How We Reduced our Community Maintenance to 6 Minutes!

eXo Platform Blog

eXo Platform backup basics

Getting in the habit of regularly backing up your eXo Platform instance is of great importance to the sustainability of your data. The backup and restore documentation page explains how to do an effective backup of your instance.

If we take an example of a typical eXo Platform installation, the steps toward a backup would be the following:

1) Stop eXo Platform;
2) Backup the directory EXO_DATA_DIR;
3) Do an SQL database dump;
4) Restart eXo Platform.

This procedure has the advantage of being easy to carry out regardless of the deployment architecture. Still, it does depend on the volume of the data you are dealing with. The increase in the time required for your backup and restore operation would then look similar to this:

BackUp and restore

Depending on your site uptime commitments, doing backups with higher downtimes due to a large amount of data can become problematic.

So what to do when the volume of my data increases?

Because each installation is different, there is no one universal way to improve your backup downtime. An eXo Platform expert could be helpful here in that he can evaluate your current situation and recommend the best approach.

Having said that, let us take our eXo Tribe community site—which runs on eXo Platform—as a case study explaining how we solved this downtime problem.

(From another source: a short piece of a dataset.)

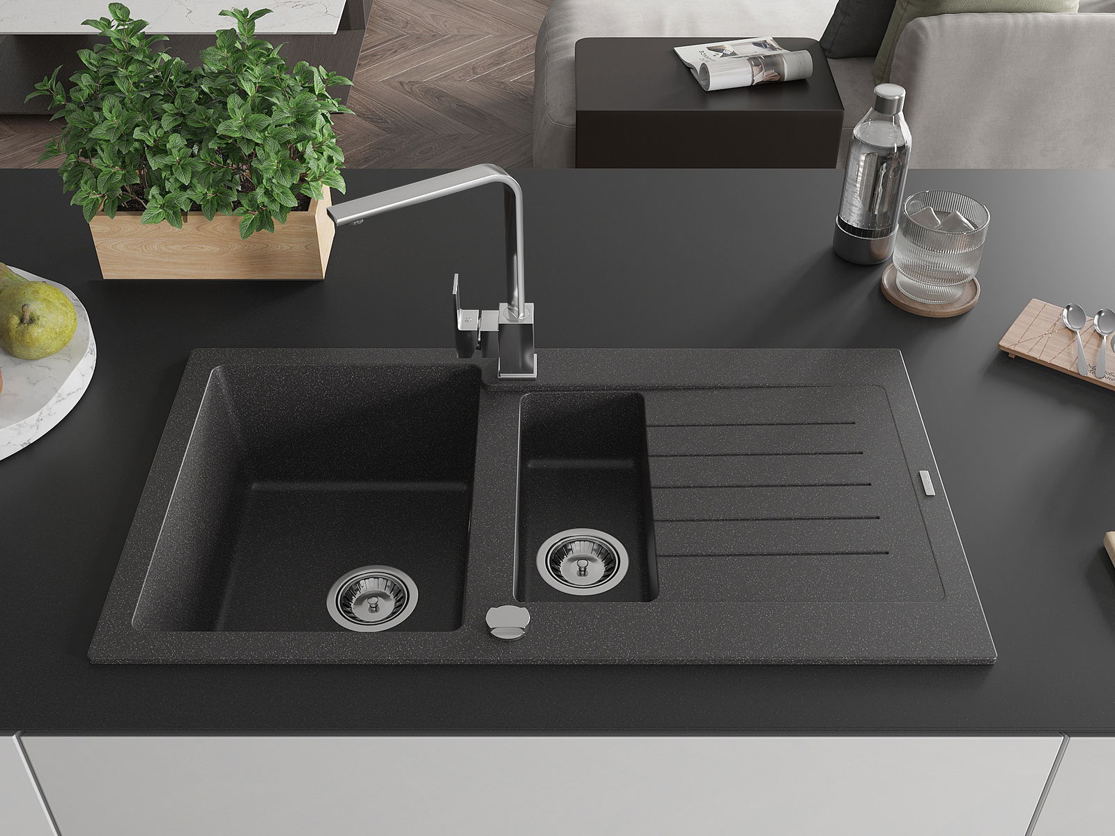 L'évier est fabriqué en granit de haute qualité. Il constitue un complément élégant et surtout pratique pour toute cuisine, quel que soit son style. La qualité et la durabilité du granit garantissent de nombreuses années d'utilisation.

This community site allows anyone interested in eXo Platform to find some useful resources and discussions about it. In addition to that, eXo Platform employees use it to collaborate internally through private spaces, but also because we believe in the importance of thoroughly eating one’s own dog food.

The growth in the number of registered users (around 90,000 as of today) results in a constant increase in the volume of the data that needs to be backed up. This equates to an average backup time of 3 hours and a restore that takes over one day. Delays like these are simply incompatible with our service commitments. This called for a reassessment of our backup strategy.

The (oversimplified) architecture at hand is the following:

  • Mono Linux-based server infrastructure
  • MySQL database
  • Disk data

Choosing our backup strategy

Each one of the database solutions supported by eXo Platform has its own documentation addressing backups:

The method of choice would then depend on the architecture and priorities at hand. In the case of MySQL, the following table should help provide an idea on the possibilities available:

Table
For the eXo Tribe site, our priority was to reduce backup and restore downtime (i.e. speed) so the Physical/Online/Snapshot combination was the ideal one.

The snapshot method allows capturing an image of a file system taken at an instant T while simultaneously authorizing its modification through write operations. This meant that we would be able to do our backup according to the following steps:

1) Stop eXo Platform
2) Take a snapshot of eXo Platform data and SQL database
3) Restart eXo Platform
4) Copy and save data from the snapshot while eXo Platform is running
5) Delete the snapshot

The actual implementation

1. Snapshots:

Since at eXo Platform, LVM (Logical Volume Manager) is already used in all of our servers to manage disk volumes, it only made sense to use it for managing the snapshots.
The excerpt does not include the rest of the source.